What is the Prevalence Rate of incidents of Excessive Use of Force and Violence by Police Officers in Australia

The importance of the role played by law enforcers in this country can never be overemphasized. Police officers have for a long tine remained very committed to their work and have been the only major source of protection for many people and their property. Owing to the very nature of the work of police officers, it is important that they work closely with the people whom they serve. Without needing to preempt anything, this has not been the case in certain instances when police officers have had to use too much force to deal with civilians (Coady  James, 2000). While it is acceptable that the use of excessive force by police officers is sometimes provoked by civilians determined to break the law, many cases have been reported where there has been use of too much force and even violence on civilians who posed no threat to the police officers.

Criminal justice is paramount and it is the duty of the law enforcement agencies and the civilians to work towards ensuring that it is upheld at all times (Baker, 2009). This will not be possible if the very people who are required to maintain law and order engage in breaking it instead. In order, therefore, for law and order to be maintained and therefore criminal justice upheld, police officers must use their powers well and within the provisions of the law. An understanding of the prevalence rate of violent handling of suspects andor their treatment with too much force will go a long way in improving criminal justice practices in the country.

Police Brutality and the Law
The Australian law provides for police officers to act in a manner that does not in any way infringe on the rights of the citizens who they arrest or suspect to be law offenders. As such, although there are instances when the police officers can be allowed to use more force than normal, it is always the suspects legal and constitutional right to be treated as innocent unless one is proved guilty. Therefore, using too much force contradicts this very provision because an innocent Australian ought not to be forcibly handled. Yet such instances have continued to be reported and even witnessed all over the country. According to Baker (2009), there are incidences when the police officers themselves have accepted and confirmed that they do use more force than it is necessary because of different reasons. They just seem to agree with the public assertion that the police are sometimes the greatest law offenders that there can ever be (Baker, 2009).
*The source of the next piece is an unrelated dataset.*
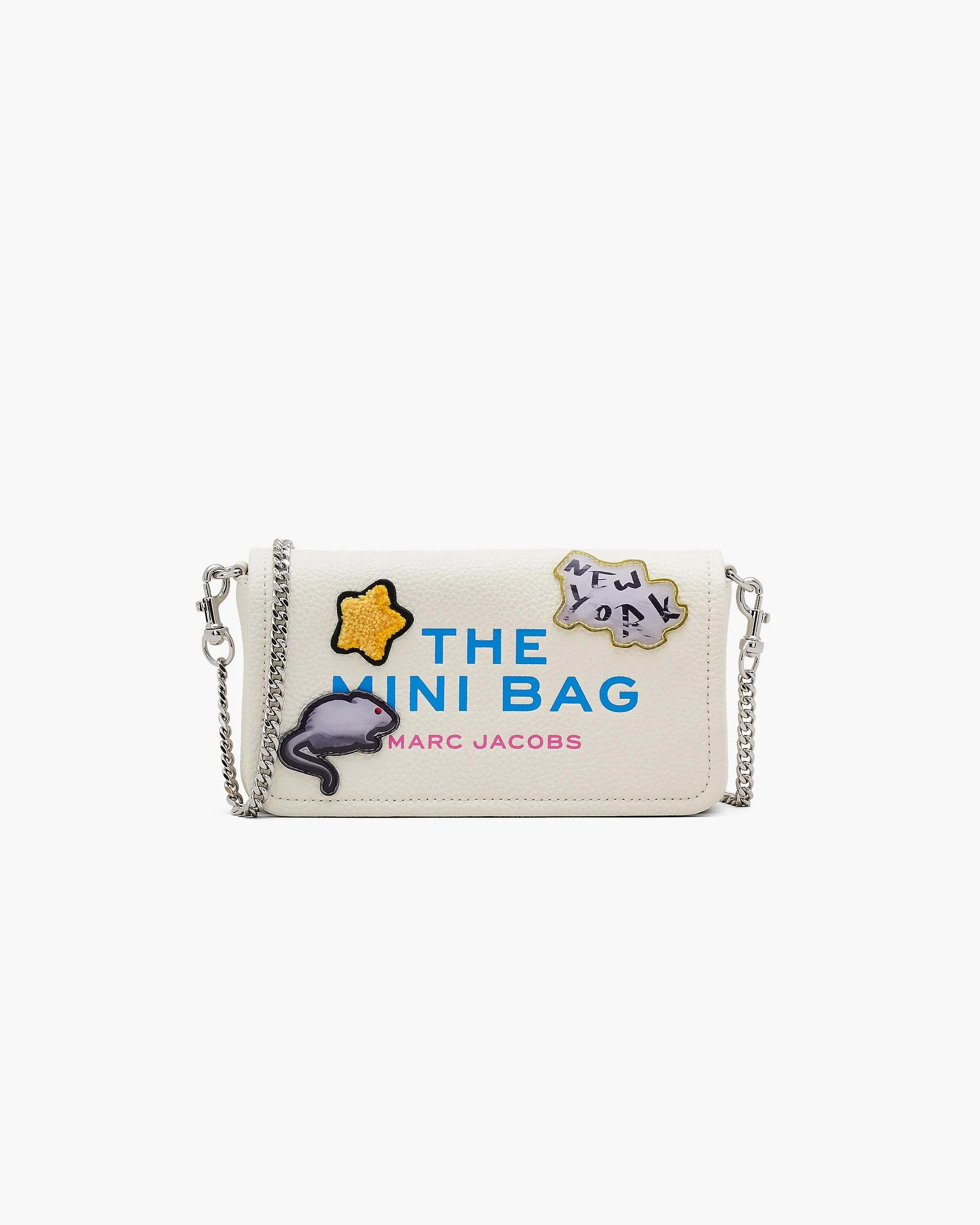Description The bestselling Mini Bag reimagined in our seasonal Sticker Patch motif, with textural chenille patches for a dimensional finish. Featuring the iconic internal inscription, "My Other Bag is The Tote Bag" and crafted in luxurious full grain leather, this high-style everyday essential includes an effortless magnetic closure, our signature debossed namesake branding and eight internal card slots for optimized organization. Perfectly sized for all your essentials, carry as a clutch or style with the removable adjustable webbing strap for playfully elevated crossbody styling. 2S5SMN010S01 Features Full Grain Leather Magnetic Closure 1 slip pocket, 8 card slots Removable wristlet strap Twill Lining Dustbag Included Dimensions 8in L x 2in D x 5in H 20cm L x 5cm D x 12cm H Strap 57in L x 1in D (144cm L x 4cm D) Strap Drop 27in 70cm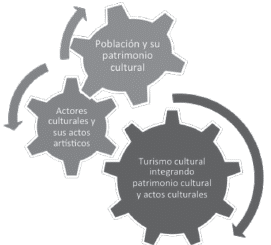 El turismo cultural es "un proceso social que crea espacios de interacción entre los visitantes, actores culturales y las comunidades receptoras" (Ministerio de Comercio, Industria y Turismo y Ministerio de Cultura, 2007, p. 4). Se construye a partir del patrimonio y sus portadores o de los actos culturales-artísticos y sus creadores, que se integran a la lógica de los productos turísticos. Los elementos constitutivos del turismo patrimonial-cultural-artístico están entrelazados y dependen de la actuación y articulación de sus actores (figura 3), que se mueven en diferentes espacios y lógicas.

Writing in the article Police confirmation of use of force in Australia To be or not to be carried in the Journal of Crime, Law and Social Change,  Baker uses a variety of informational sources to draw many conclusions regarding the prevalence of instances of use of excessive force by police officers (Baker, 2009). The most common trend is that where officers have been known or have admitted to having been forced to use force because they are under compulsion to perform and to produce quick results. Quoting from John Avery, a former police inspector who wrote Police Force or Service, baker insists that owing to the high frequency at which the police force is using force, it has become very difficult to uphold law and order in all the states of the country as fighting crime is largely dependent on the ability of the police or law enforcers to collaborate with the civilians (Baker, 2009). Such collaboration is pegged on the existence of cordial relations between the two sides but since the police is a literal force and not a service, the public has shied away from them. In fact, the police are more of enemies than are associates of the people. Baker makes the future state of being of criminal justice tenable by offering to point out the areas that are in need of addressing. Because of his widespread use of both secondary and primary sources of data including interviews from police officers themselves, his conclusion that most officers act on impulse means that the prevalence rate of the incidents is high enough (Baker, 2009).

In yet another pointer to the high prevalence rate of police brutal incidences, Coady  James (2000) are of the view that the pretext that police officers have tended to use often to justify their extra-judicial acts has been that there has been a failure by suspects to comply with them. In a collection of articles on the issue published in the book Violence and police culture, it emerges that Australian police are increasingly becoming less friendly and this is jeopardizing not only the fight against crime in the country but also the efforts to improve criminal justice (Coady  James, 2000). According to the authors, there are suggestions for legal actions to be taken against such officers given the increased rate at which they are misusing their powers. Citing statutory and court proceedings of the past, they recommend tough actions against officers found to be breaking the law by meting violence on suspects (Coady  James, 2000). That legal institutions are generally weak has made the fight against the brutality of police more difficult. Sometimes, the force has been required to investigate claims of brutality against its own officers. This is a very ineffective way of handling the matter (Coady  James, 2000).

The use of violence by police officers has become a very common trend in Australia, a fact that is being attributed to a number of factors such as laxity in disciplinary measures against the officers found guilty, and pressure to produce quick results and please commanding officers or seniors. That there is a very high incidence of such cases is evidenced by the constant commentary on the subject and the great interest that the subject has generated. Because the fight against crime cannot succeed without there being cooperation between police officers and citizens, it is critical that such cases of use of violence when apprehending suspects or too much force to break up demonstrations and arrest suspects are stopped. This will further help improve criminal justice in the country.